Eval bug: PR20908 breaks rpc-server functionality when balancing split a model across multiple machines.

### Name and Version

$ rpc-server --help
load_backend: loaded RPC backend from /llm/runtimes/llama-b8487/libggml-rpc.so
ggml_vulkan: Found 1 Vulkan devices:
ggml_vulkan: 0 = Radeon 8060S Graphics (RADV GFX1151) (radv) | uma: 1 | fp16: 1 | bf16: 0 | warp size: 64 | shared memory: 65536 | int dot: 1 | matrix cores: KHR_coopmat
load_backend: loaded Vulkan backend from /llm/runtimes/llama-b8487/libggml-vulkan.so
load_backend: loaded CPU backend from /llm/runtimes/llama-b8487/libggml-cpu-zen4.so

### Operating systems

Linux

### GGML backends

Vulkan

### Hardware

AMD AI Max+ 395 on Fedora 43

### Models

[Unsloth ](https://huggingface.co/unsloth/Qwen3.5-397B-A17B-GGUF)

IQ4_NL quantization

### Problem description & steps to reproduce

Introduced with: https://github.com/ggml-org/llama.cpp/pull/20908

Started rpc-server on two machines.

Issues the following command to balance the load across the two rpc-server machines.  The tensor split designation here appears to load the model evenly between the two machines, and nothing on the local machine.  That's not an issue for me, it's just what I had to do to make it work.
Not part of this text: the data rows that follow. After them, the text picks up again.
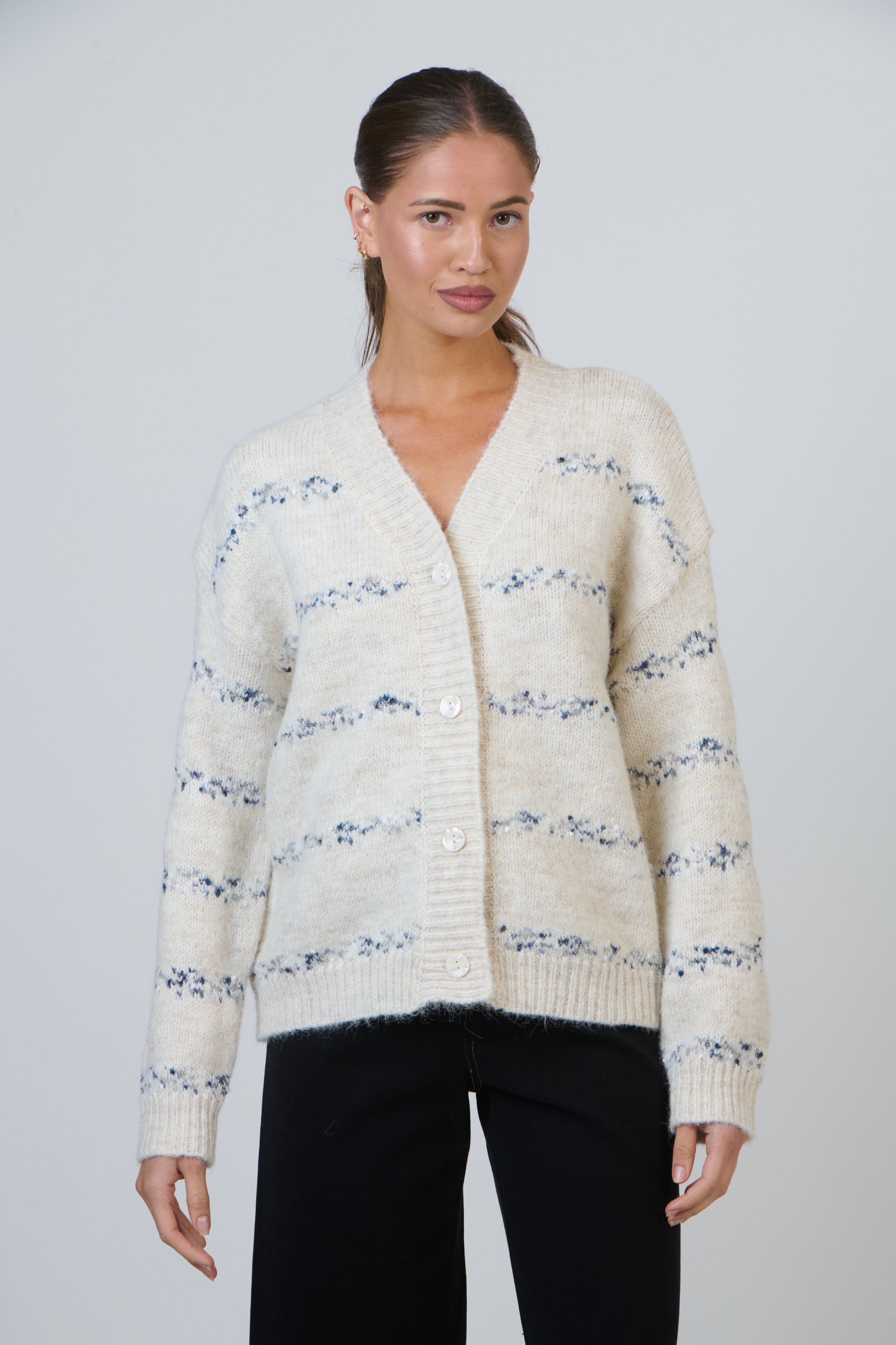 A cardigan that feels cosy yet quietly special. The Salt Cardigan features a soft speckled stripe pattern that creates beautiful texture, giving it that modern, slightly hand-crafted feel. The flattering V-neckline and classic button-front make it an easy layering piece, while the relaxed fit and hip-length cut offer comfortable coverage without feeling bulky. Ribbed cuffs and hem keep the shape looking neat and polished, making this a lovely piece to reach for again and again.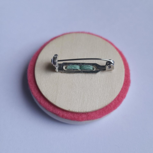 Take a little secret garden with you, with this delicately embroidered ceramic and wood brooch.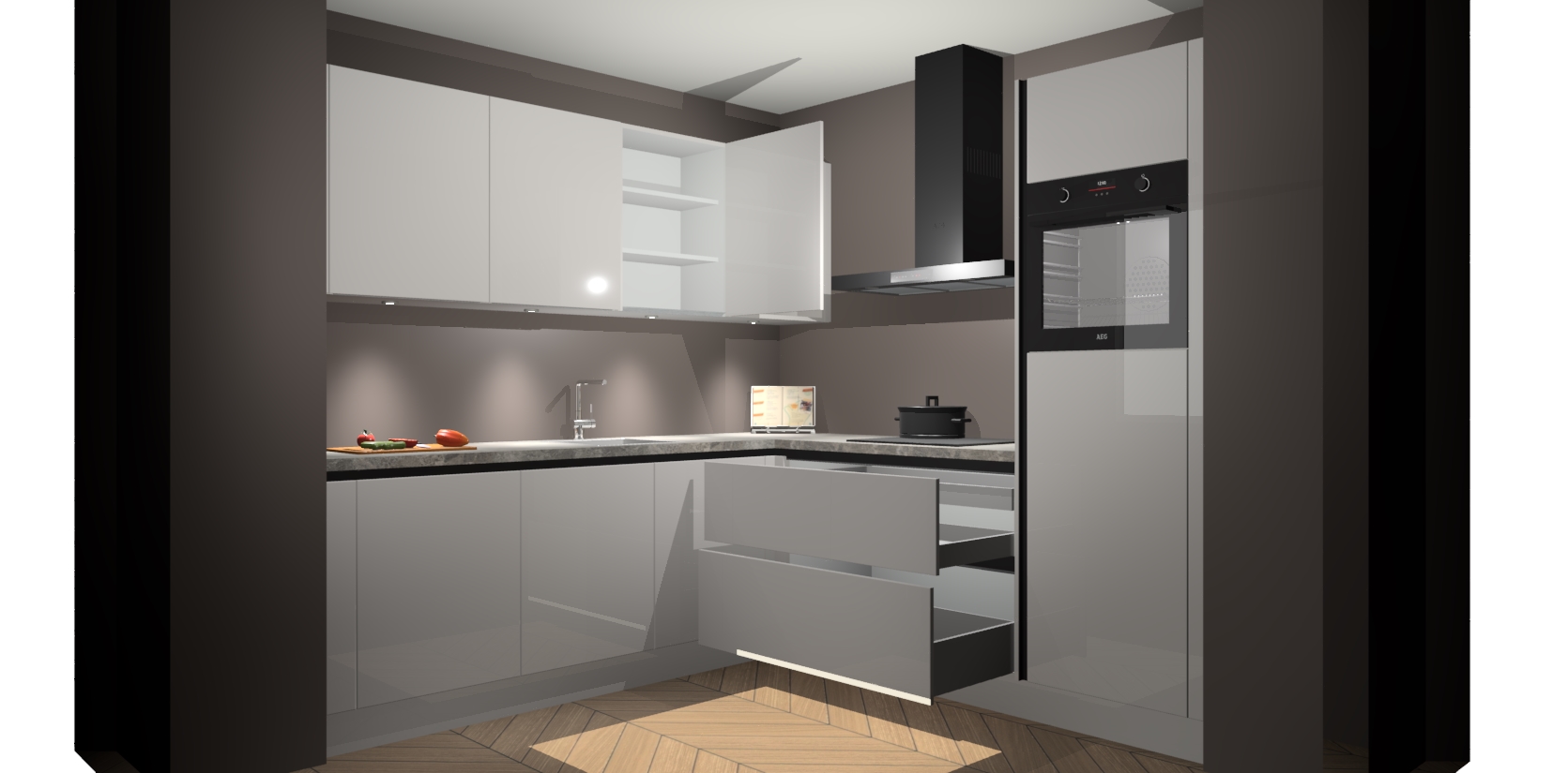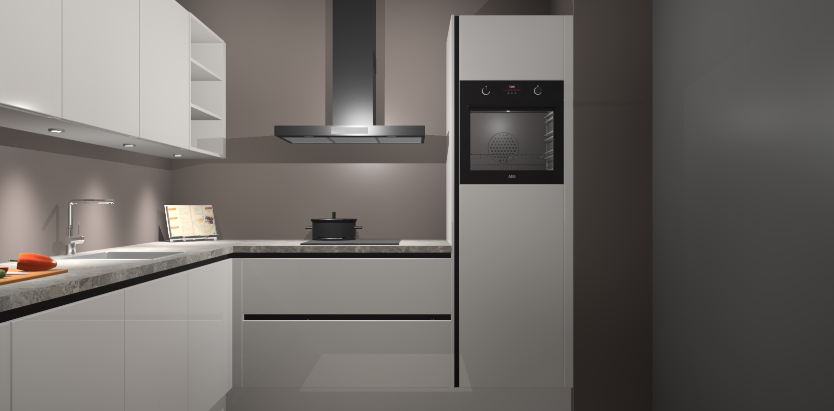 Met een modern, tijdloos design en ruime opslagruimte, zult u zich in no-time thuis voelen in uw nieuwe keuken. Uw leven wordt eenvoudiger met de soft-close deuren die voor het ultieme stille comfort zorgen - geen geluid dat u stoort terwijl u kookt. Ook is de keuken voorzien van 5 ingebouwde apparaten: een oven, inductie kookplaat, afzuigkap, vaatwasser en koelkast. Deze kunnen gemakkelijk na bestelling worden bijgewerkt naar AEG - waardoor uw luxe ervaring compleet is.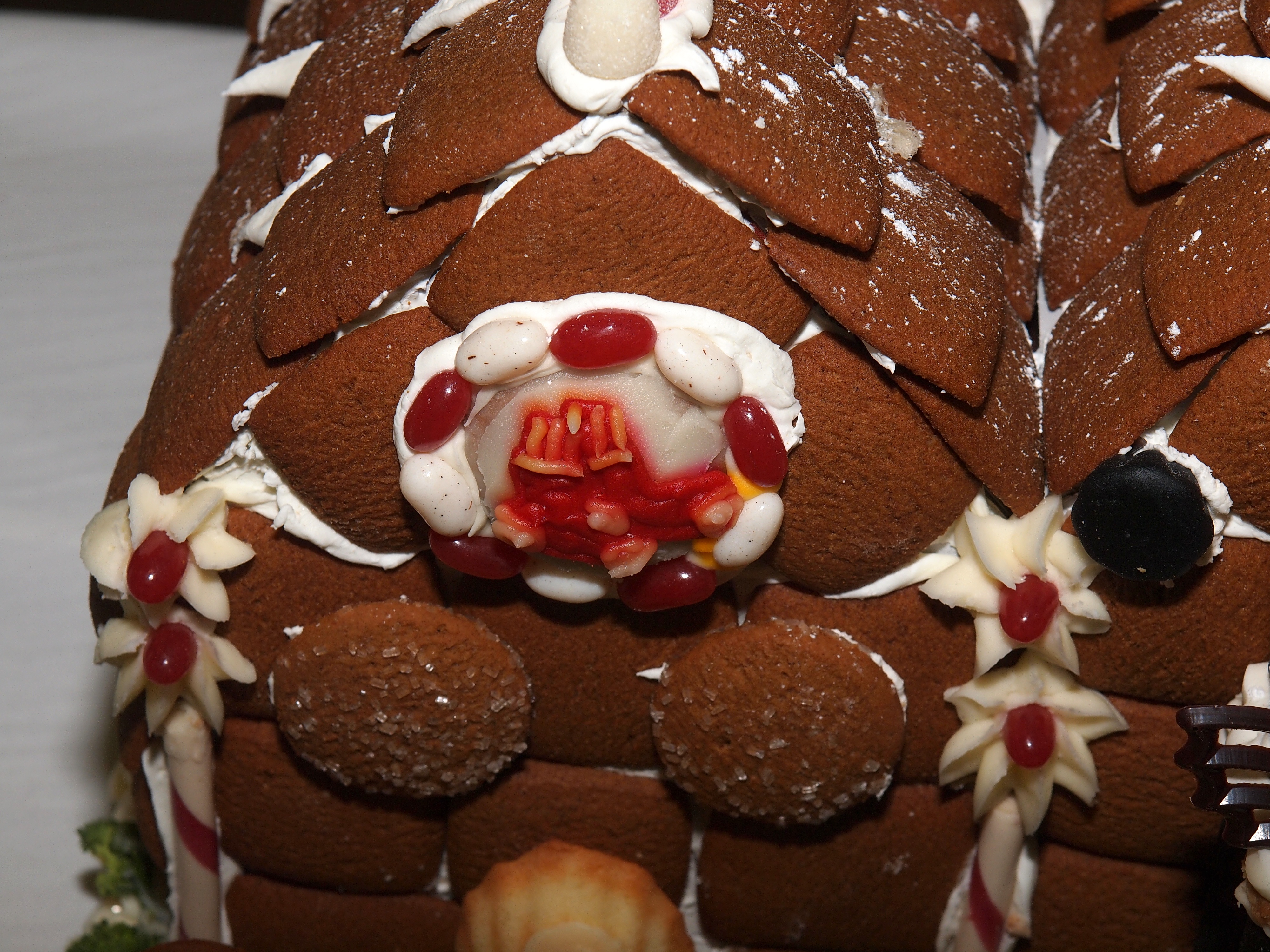 Picture #4: Gingerbread christmas tree by Ginger Betty's Bakery Small: 750x1023, 182,721 bytes (179K), (html file) Large: 3000x4000, 4,056,180 bytes (3.9M), (html file) Copyright, Michael Meissner 2011, All rights reserved Olympus E-5 camera with Olympus 14-54mm f/2.8-3.5 lens f/8.0, ISO 200, FL-36 flash, 1/80 sec, 41.0mm, aperture priority, vivid color, matrix metering, IS1 (All Direction Shake IS) 35mm equivalent focal length 82.0mm Extra equipment used: Olympus FL-36 flash Programs used: raw therapee Taken by Michael Meissner on November 07, 2011 15:22:46 Last modified on November 21, 2011 at 08:53 |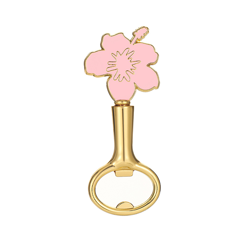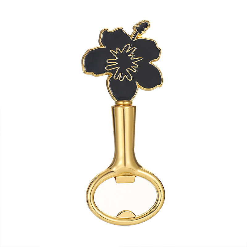 This 48g (9.6cm) opener features a vibrant hibiscus flower top (in blue/white/black/pink enamel) paired with a gold handle. It pops caps smoothly, blending tropical floral charm with playful color—ideal for luau parties, beach weddings, or a cheerful gift for flower lovers.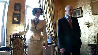 A magnificent-looking brunette French lady loves penalizing her nasty small dick slave

`$ taskset -c 2-15 /llm/bin/llama-server --rpc 192.168.2.103:50001 --rpc 192.168.2.101:50001 --tensor-split 1,1,1 --temp 0.6 --top-p 0.95 --top-k 20 --min-p 0.01 --threads 14 --batch-size 4096 --ubatch-size 1024 --cache-ram 8192 --ctx-size 131072 --no-mmap --kv-unified --flash-attn on --ctx-checkpoints 128 --n-gpu-layers 999 --parallel 2 --host 0.0.0.0 --port 8033 --jinja --alias "Qwen3.5-397B-A17B-IQ4_NL" --model ./Qwen3.5-397B-A17B-UD-IQ4_NL.gguf
`

An error is reported by llama-server
`/home/runner/work/llama.cpp/llama.cpp/ggml/src/ggml-rpc/ggml-rpc.cpp:669: Remote RPC server crashed or returned malformed response`

The rpc-server did not crash, it just appears to have rejected the model load after the model had been transferred, and returned an error.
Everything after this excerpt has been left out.